> [DATA SHOWN]:
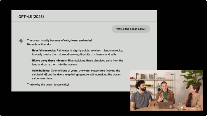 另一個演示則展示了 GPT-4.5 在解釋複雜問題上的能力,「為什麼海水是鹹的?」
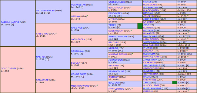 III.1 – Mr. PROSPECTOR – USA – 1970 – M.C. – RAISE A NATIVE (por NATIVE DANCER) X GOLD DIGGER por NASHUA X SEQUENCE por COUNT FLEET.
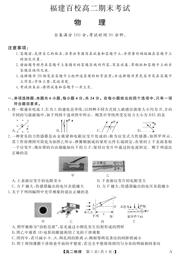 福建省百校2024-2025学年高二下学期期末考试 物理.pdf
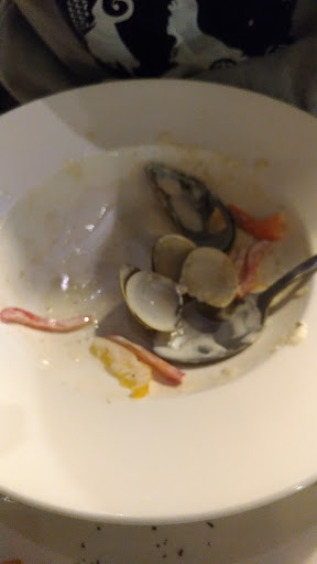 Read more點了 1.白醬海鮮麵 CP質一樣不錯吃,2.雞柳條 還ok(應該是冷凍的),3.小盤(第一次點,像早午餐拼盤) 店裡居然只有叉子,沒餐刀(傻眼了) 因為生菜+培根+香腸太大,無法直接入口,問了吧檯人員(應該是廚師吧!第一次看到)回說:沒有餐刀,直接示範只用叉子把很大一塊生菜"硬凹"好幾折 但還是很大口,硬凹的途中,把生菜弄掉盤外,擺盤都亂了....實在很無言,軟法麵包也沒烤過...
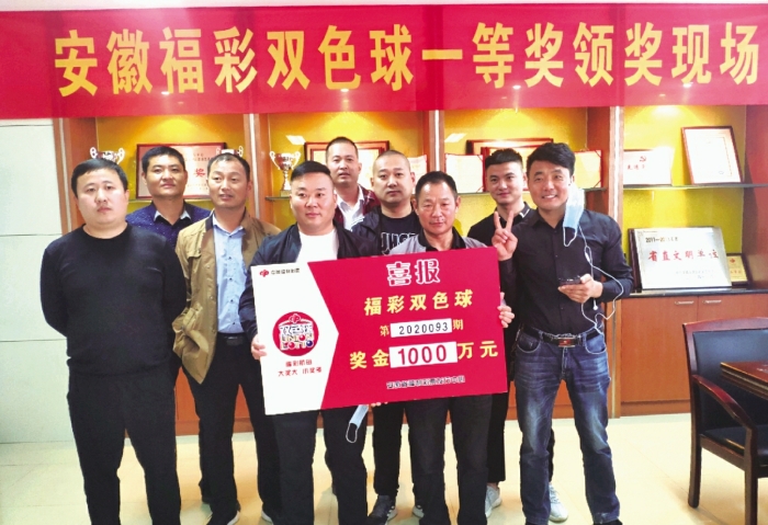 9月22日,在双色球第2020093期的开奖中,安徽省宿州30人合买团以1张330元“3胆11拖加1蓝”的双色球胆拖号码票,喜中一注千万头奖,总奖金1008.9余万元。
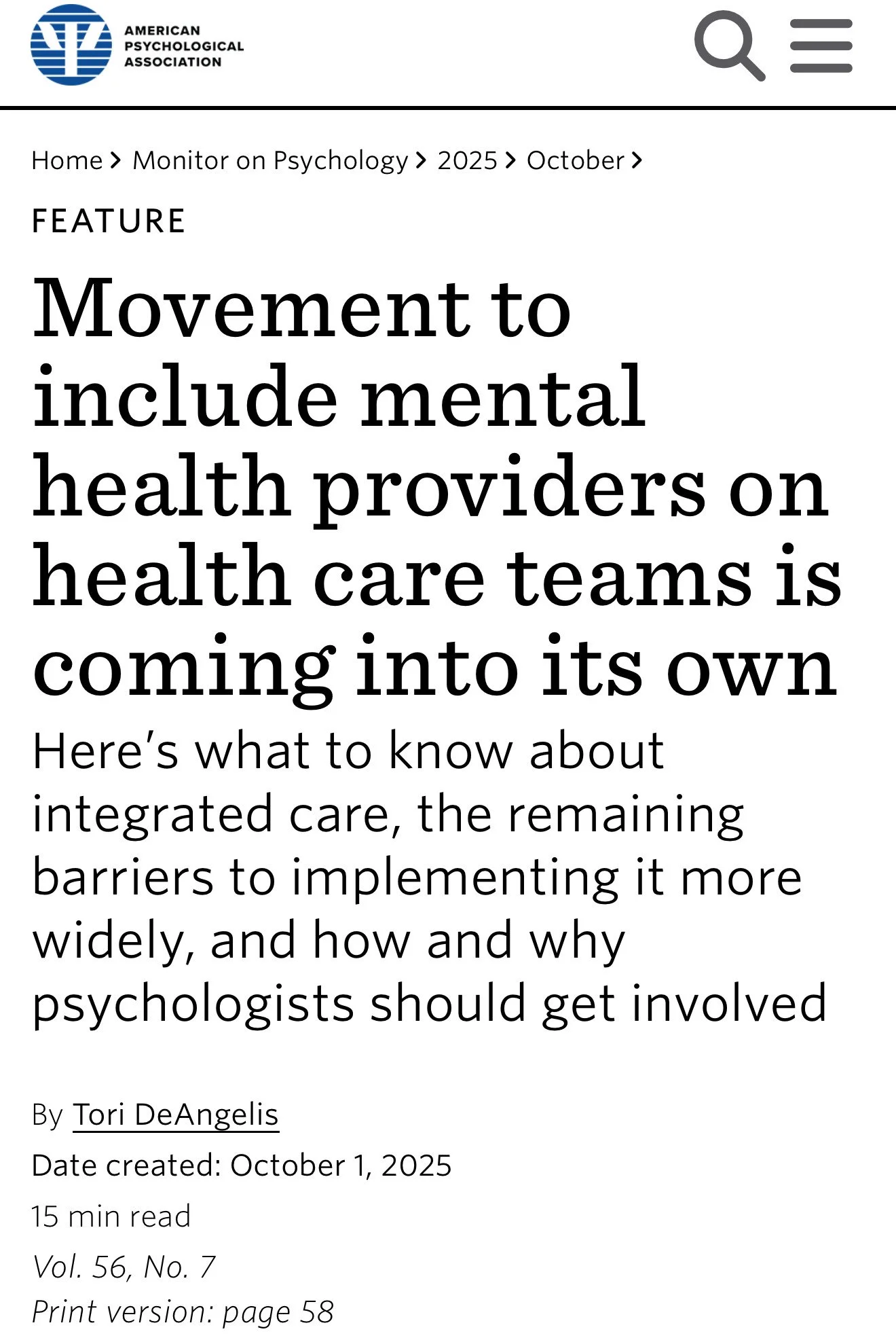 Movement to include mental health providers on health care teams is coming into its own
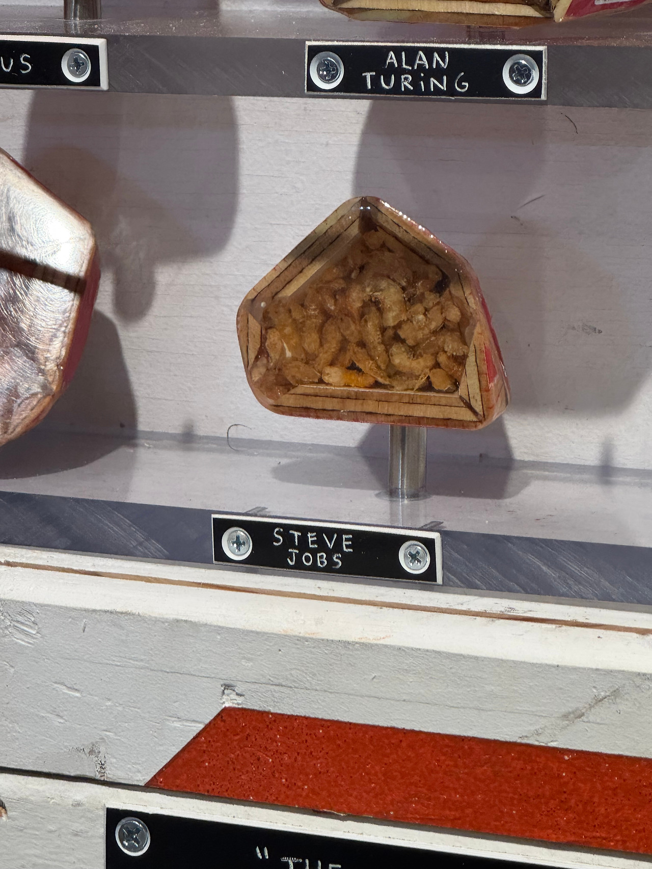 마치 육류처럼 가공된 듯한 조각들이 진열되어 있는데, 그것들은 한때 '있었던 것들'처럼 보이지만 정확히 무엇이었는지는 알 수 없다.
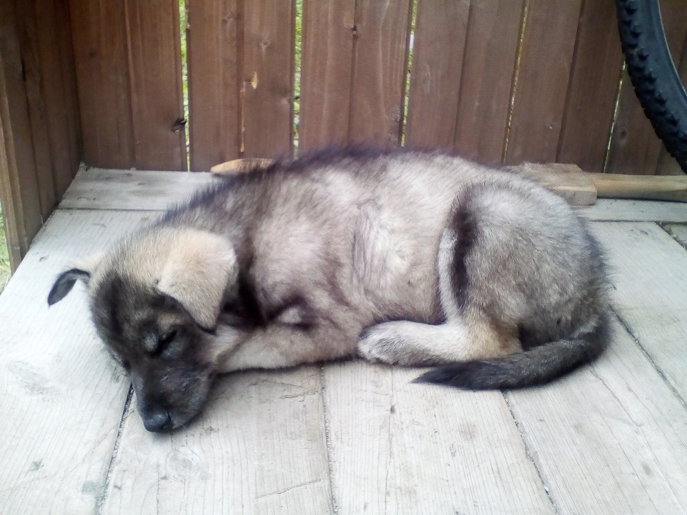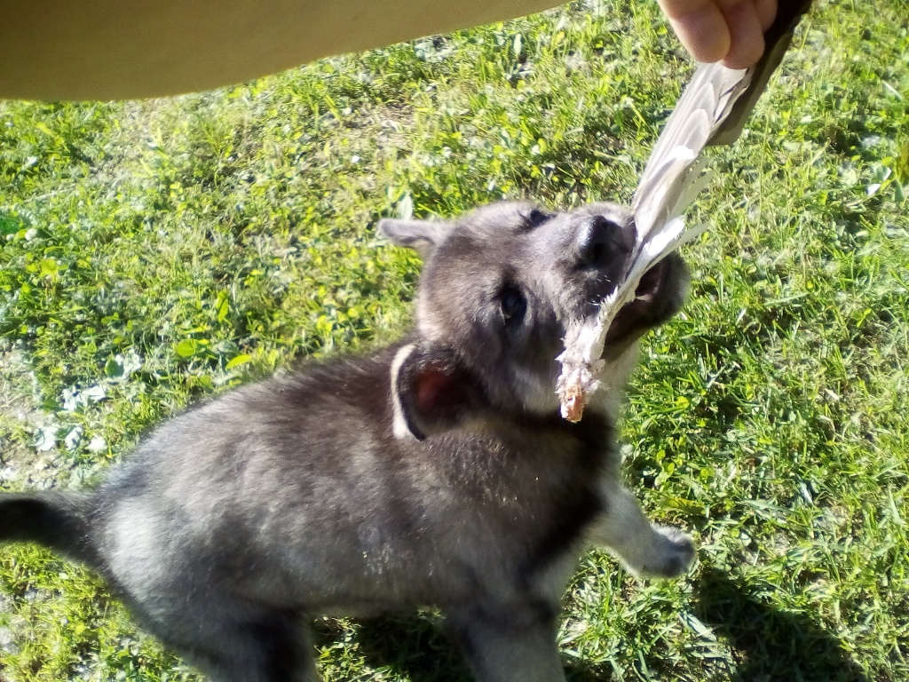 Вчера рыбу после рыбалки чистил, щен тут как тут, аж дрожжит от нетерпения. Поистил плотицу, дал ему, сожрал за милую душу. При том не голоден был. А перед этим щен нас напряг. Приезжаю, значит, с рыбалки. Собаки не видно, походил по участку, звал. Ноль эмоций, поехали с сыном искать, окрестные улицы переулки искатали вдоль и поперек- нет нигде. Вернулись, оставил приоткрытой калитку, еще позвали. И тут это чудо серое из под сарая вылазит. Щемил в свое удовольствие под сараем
* * *
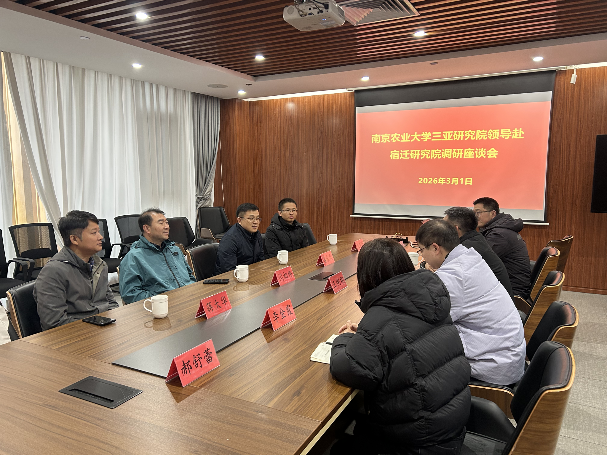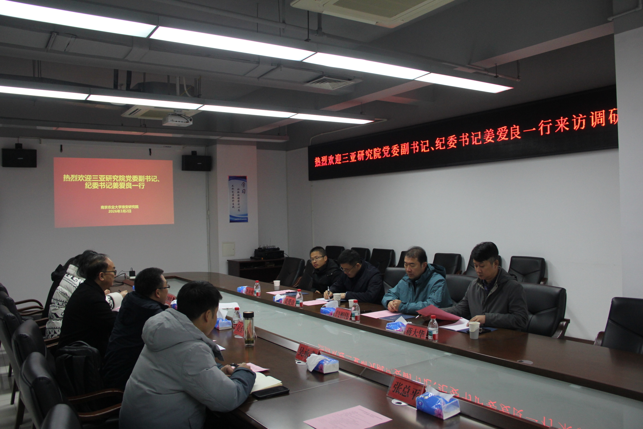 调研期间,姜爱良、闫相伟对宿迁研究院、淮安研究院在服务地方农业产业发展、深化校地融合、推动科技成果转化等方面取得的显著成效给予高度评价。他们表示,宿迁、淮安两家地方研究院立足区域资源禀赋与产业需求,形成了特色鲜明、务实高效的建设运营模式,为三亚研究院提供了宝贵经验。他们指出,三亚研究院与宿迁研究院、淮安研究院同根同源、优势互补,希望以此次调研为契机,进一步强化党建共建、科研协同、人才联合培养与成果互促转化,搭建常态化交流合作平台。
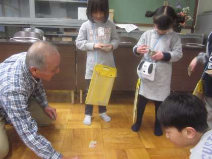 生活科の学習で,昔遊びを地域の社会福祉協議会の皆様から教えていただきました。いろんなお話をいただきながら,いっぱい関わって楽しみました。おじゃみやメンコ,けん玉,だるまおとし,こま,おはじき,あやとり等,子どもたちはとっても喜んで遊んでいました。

> [TASK PROMPT]: In the listing above, find the line with "Movement to include" and the line with "Вчера рыбу после". Transcribe those two and everything between, exactly, leaving out pictures.

> [SOLUTION TO THIS PROBLEM]:
 Movement to include mental health providers on health care teams is coming into its own
 마치 육류처럼 가공된 듯한 조각들이 진열되어 있는데, 그것들은 한때 '있었던 것들'처럼 보이지만 정확히 무엇이었는지는 알 수 없다.
 Вчера рыбу после рыбалки чистил, щен тут как тут, аж дрожжит от нетерпения. Поистил плотицу, дал ему, сожрал за милую душу. При том не голоден был. А перед этим щен нас напряг. Приезжаю, значит, с рыбалки. Собаки не видно, походил по участку, звал. Ноль эмоций, поехали с сыном искать, окрестные улицы переулки искатали вдоль и поперек- нет нигде. Вернулись, оставил приоткрытой калитку, еще позвали. И тут это чудо серое из под сарая вылазит. Щемил в свое удовольствие под сараем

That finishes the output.